INFORMATION SUPPLIED section start
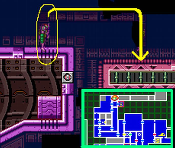 ・Aは、スクリューアタックで部屋のブロックを壊し右上のブルーゲートへ進む方法。
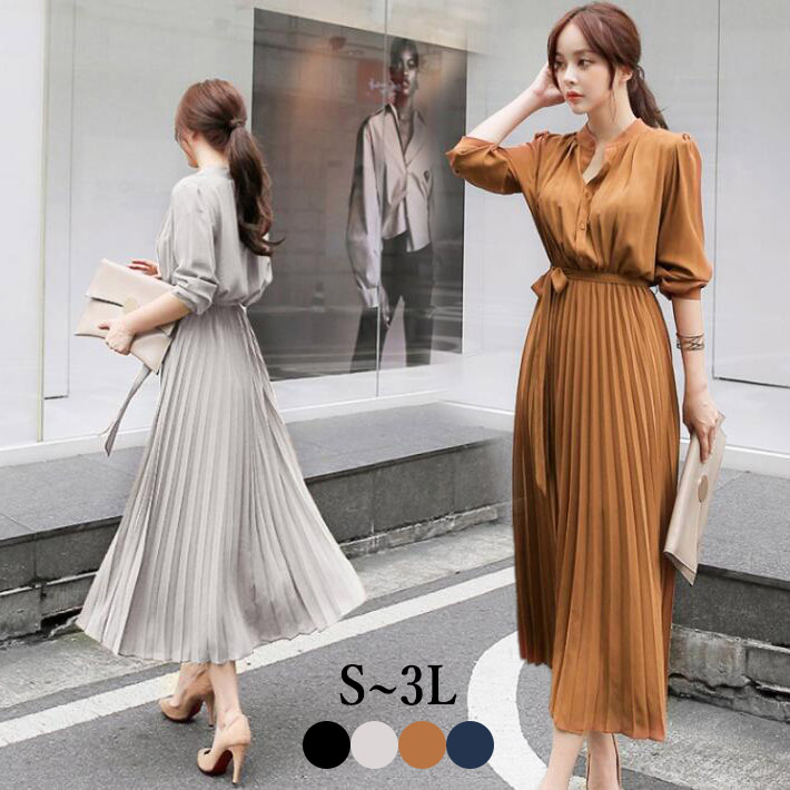プリーツワンピースプリーツフリルワンピースワンピースロウエストベルト付き フレンチスリーブ ワンピロングマキシ丈 ライン 長袖小さいサイズ大きいサイズ エレガント春夏 23
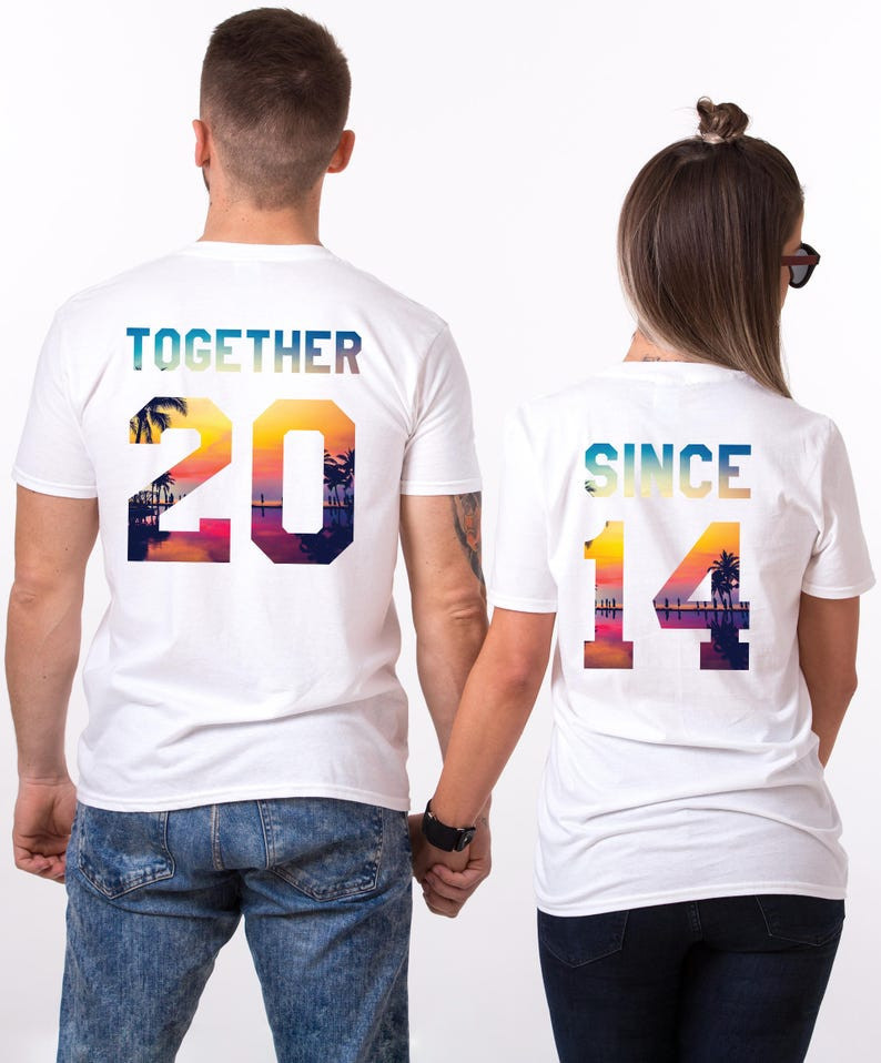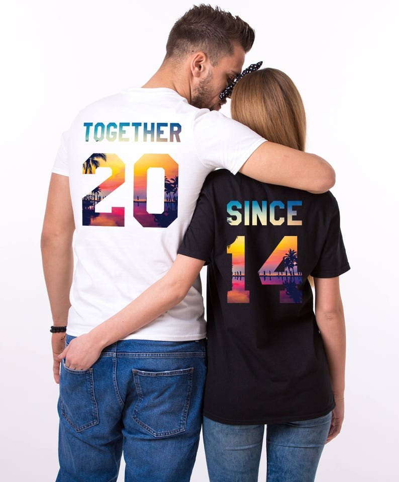 Together Since Sunset Beach Anniversary Matching Couple Valentine Unisex T-Shirt 2D #Kv
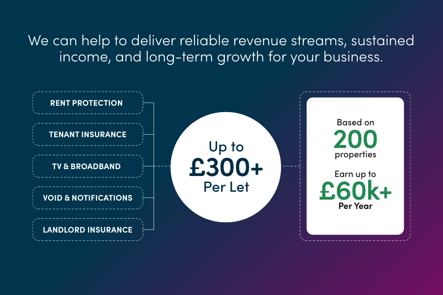 - Boost your proposition and create reliable revenue streams with products and services designed specifically for tenants and landlords
INFORMATION SUPPLIED section end
■ PROBLEM:
From the line containing "プリーツワンピースプリーツフリルワンピースワンピースロウエストベルト付き フレンチスリーブ ワンピロングマキシ丈" down to the end of the listing above, every line is to be returned exactly, though the pictures are not.

■ WRITTEN REPLY:
プリーツワンピースプリーツフリルワンピースワンピースロウエストベルト付き フレンチスリーブ ワンピロングマキシ丈 ライン 長袖小さいサイズ大きいサイズ エレガント春夏 23
 Together Since Sunset Beach Anniversary Matching Couple Valentine Unisex T-Shirt 2D #Kv
 - Boost your proposition and create reliable revenue streams with products and services designed specifically for tenants and landlords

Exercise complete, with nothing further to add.